From its opening lines, the song establishes its emotional geography with startling clarity. "Nothing's familiar here / But the newspaper smell and cigarettes, coffee" — these mundane sensory anchors become totems of alienation, the only constants in a world that refuses to cohere. Olina's voice carries the weight of someone who has learned to swallow homesickness like medicine, bitter but necessary.
The genius of "Newspaper Smell" lies in its refusal to wallow. Where lesser songwriters might indulge in self-pity, Olina opts for dark humour and unflinching observation. The image of "hosing down rich guy's vomit" despite having "a degree like a good daughter" is both grotesquely funny and devastatingly precise—a perfect encapsulation of how qualifications become meaningless when filtered through class and circumstance.
Musically, the track pulses with the energy of someone dancing through their own existential crisis. The guitar work is punchy without being showy, creating space for Olina's vocals to weave between resignation and defiance. The production wisely resists over-polishing what is essentially a raw nerve ending set to music.
The song's central refrain—"I'm not a nihilist but I see the appeal in it"—might be the most honest line written about millennial anxiety this year. It captures that peculiar state of suspended animation that defines so much contemporary experience: caught between cynicism and hope, between belonging nowhere and everywhere.

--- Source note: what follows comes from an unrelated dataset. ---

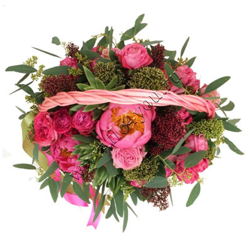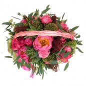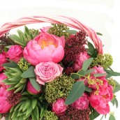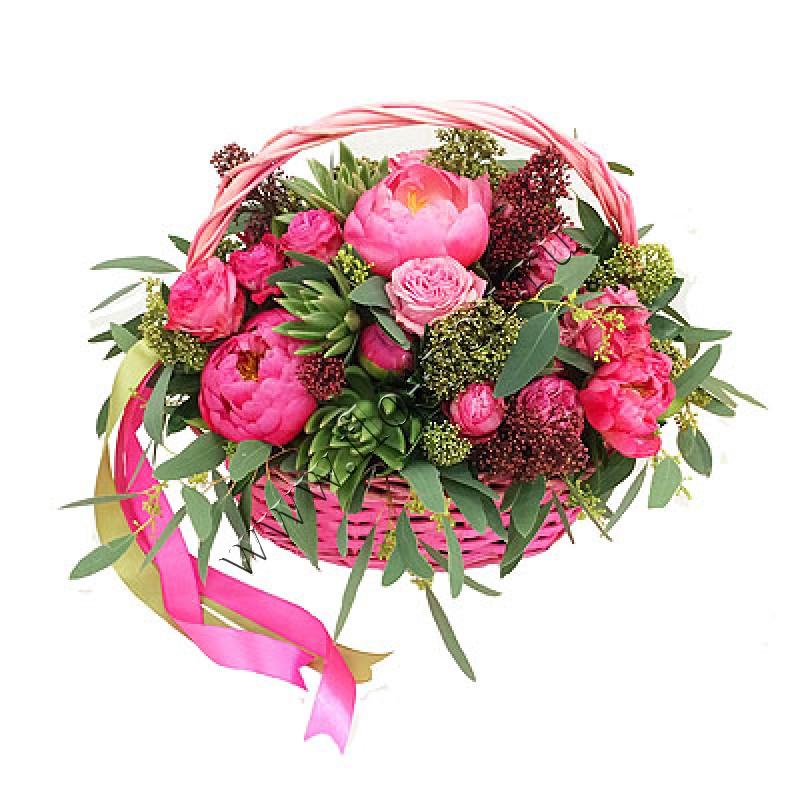 Корзина с коралловыми пионами и розами Мисс Бомбастик - ярко и торжественно.

Olina's background as both jewellery designer and cancer researcher adds layers to her artistic persona that feel entirely authentic rather than calculated. This isn't dilettantism but the reality of creative survival, and "Newspaper Smell" channels that multiplicity into something coherent and urgent.
The track builds to its repeated declaration of "I'm winning," but the repetition feels less like affirmation than incantation—as if saying it enough times might make it true. It's a devastating and ultimately moving conclusion to a song that finds poetry in the mundane brutalities of modern life.
"Newspaper Smell" announces Olina as a voice worth following, someone capable of finding the universal in the intensely personal. The comparison points to Phoebe Bridgers and Courtney Barnett are apt but not limiting—Olina has her own sharp wit and particular perspective on displacement and belonging. This is indie rock with genuine intelligence behind it, unafraid of its own contradictions and all the more powerful for embracing them.